CVD affects more women in the Scandinav region than in the western or southern Mediterranean regions. According to the present Danish health system, approximately 1.2 million people are affected. It has been estimated that the number of new cases of CVD annually in the whole of Europe rocketizes from 2 to 6,400 per year in Iran and Russia, and 5 to 10,000 per year in Germany.
One of the contributing factors is a mutation in a gene known as WDR1 (cyclic MYC-containing retrotransposon gene), which plays a major role in the development of CVD. Mutations in this gene are found in about 10% of all cardiovascular-causing mutations. The majority of patients carrying mutations in this region have already been diagnosed with the disease decades ago, while the other 90 percent are either already at a very advanced stage of the disease or who are only moderately affected at its early stages.
The risk score can be based on genetic mutations in patients with CVD. For the purpose of mathematical models of genetic mutations, a new approach is now being used. Using data from more than 1000 patients, the researchers have generated a score to form a predictive blood test that helps guide patients in their treatment. The score gives an indication of the risk of 30 specific genetic mutations in patients with CVD that are a far greater number than those of commonly used genetic tests.
It also changes the function of another gene called WHAD2 that is used in various cardiovascular diseases. The WHAD2 gene is involved in the development of angina and chronic cholesterol disease and, therefore, it is considered an essential gene.

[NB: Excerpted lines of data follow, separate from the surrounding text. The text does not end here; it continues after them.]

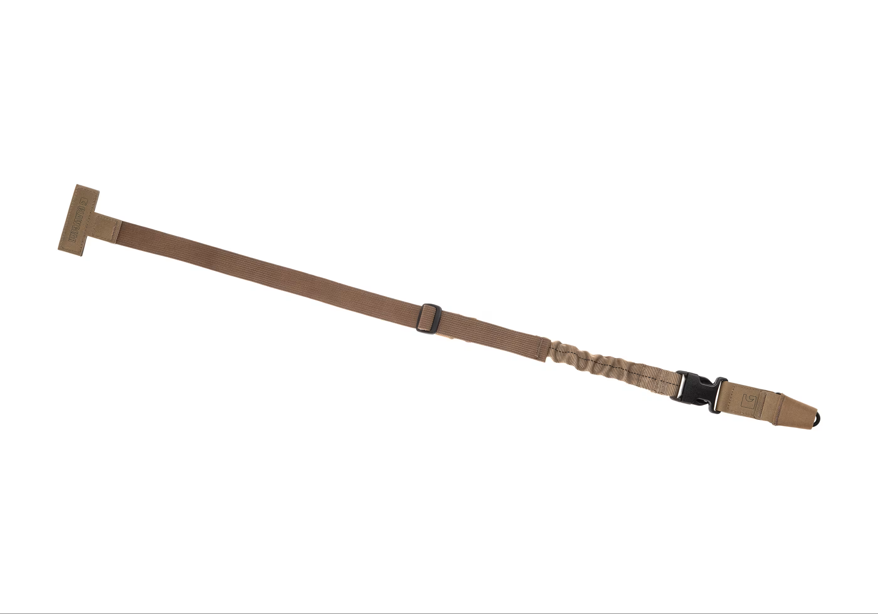 Der Clawgear One Point T-End Sling Snap Hook wurde als minimaler PALS-montierbarer Trageriemen entwickelt (vorzugsweise an einer taktischen Weste). Dank des Designs bietet der vordere Teil Elastizität, die mehr Bewegungsfreiheit ermöglicht. Der Riemen hat eine allgemeine Größenregulierung mit abnehmbarem vorderen Anschluss. Der Stahl-Snap Hook ist mit einer elastischen Hülle bedeckt, um Geräusche zu minimieren.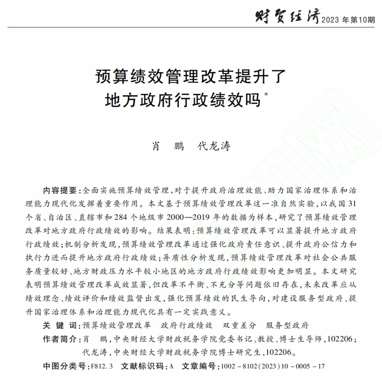 近日,由永利集团官网总站肖鹏教授和代龙涛博士撰写的论文《预算绩效管理改革提升了地方政府行政绩效吗》在中文A类期刊《财贸经济》2023年第10期作为封面文章刊发。以下为文章主要内容: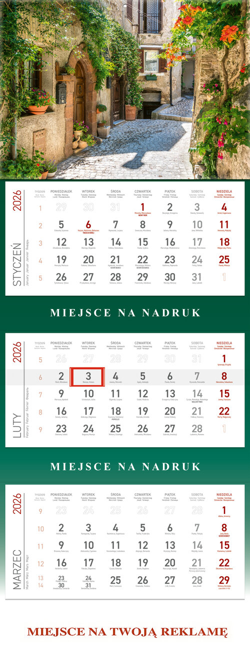 Kalendarz wiszący ścienny z kalendarium w układzie trójdzielnym z ozdobną główka, wypukłą i lakierowaną. Kalendarz składany do formatu A4.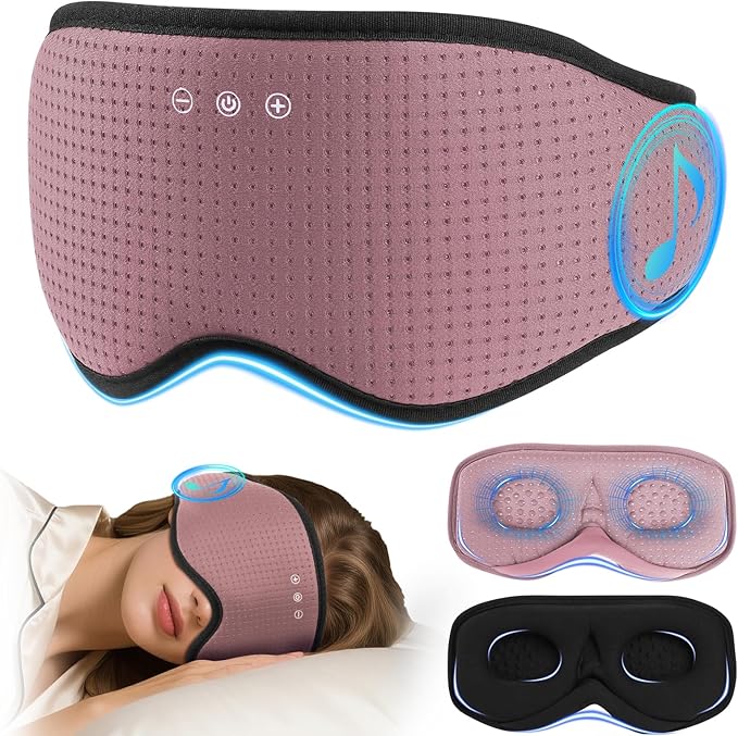 Sleep Mask with Bluetooth 5.4 Headphones, Removable 3D Eye Cups, Timing Sleeping Headphones for Side Sleepers, Wireless Music Eye Mask Speakers for Men, Women, Tech Gifts, Pink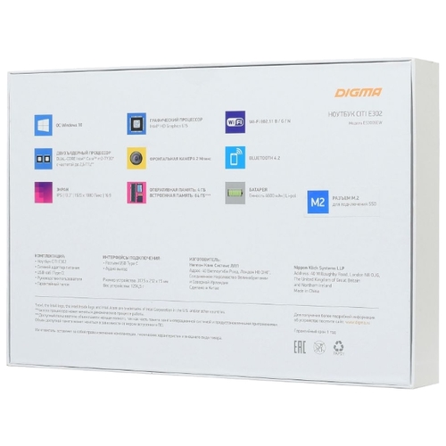 Ноутбук Digma CITI E302 (Intel Core m3 7Y30 1000 MHz/13.3"/1920x1080/4GB/64GB SSD/DVD нет/Intel HD Graphics 615/Wi-Fi/Bluetooth/Windows 10 Home)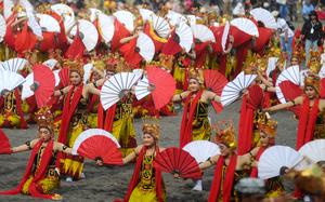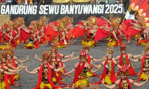 (251026) -- BANYUWANGI, 26 octubre, 2025 (Xinhua) -- Imagen del 25 de octubre de 2025 de bailarinas realizando una presentación...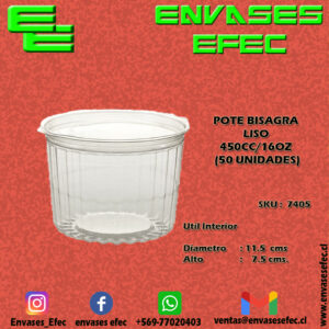 POTE BISAGRA LISO 450CC/16OZ (40-16 FL) (50 UNIDADES)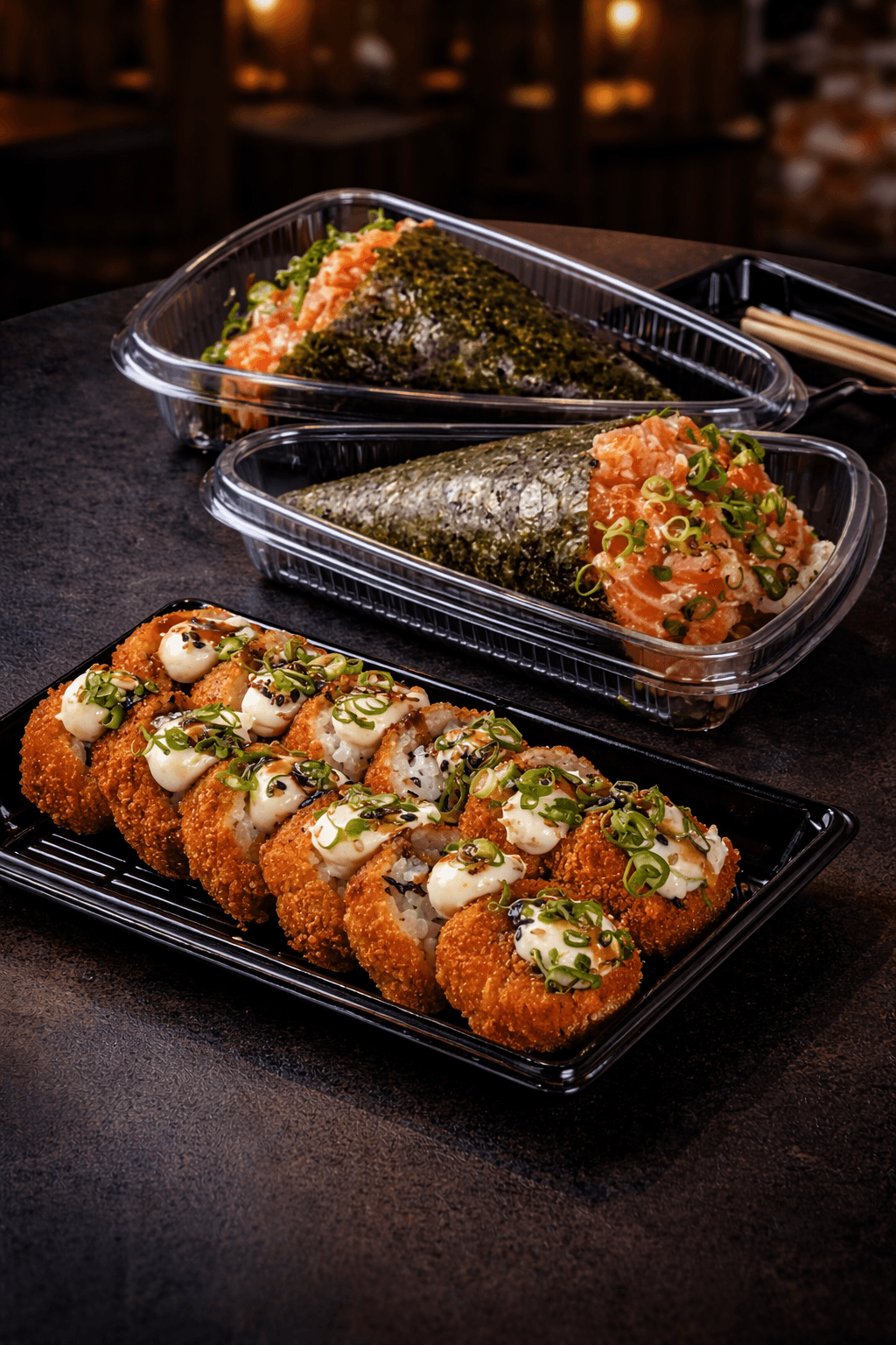 Combinações completas com arroz yakimeshi, molhos especiais e ingredientes selecionados.

Dr. Lasse Hultbom Åberg, consultant cardiologist and immunologist at Brigham and Women’s Hospital and Karolinska Institutet, and the study’s lead author, says:
That is why we chose to perform a genetic analysis of people carrying mutations in this gene. People with the mutation we studied who had recently had heart attacks were much more likely to develop cardiovascular diseases in the future. Our results show that this mutation also appears in a other group of patients who are not at a very advanced stage of the disease, and without other genetic tests who are known to be strongly affected by immune system and cardiovascular diseases. In addition, we were able to show that the finding is also relevant to experts in medicine and genetic diagnosis.”
They are not the first to study the WHAD2 gene. The study was conducted as a part of a larger assessment of almost 10,000 people, and therefore comparable to Willebrand Sandström’s study of medieval champion Amadeus Wintrich. There is limited information on particular genetic mutation rates in the general population. All in all, the researchers believe that their results are of interest to researchers and health professionals in the human testing field as well as to patients and scientists involved in the quest for genetic tests.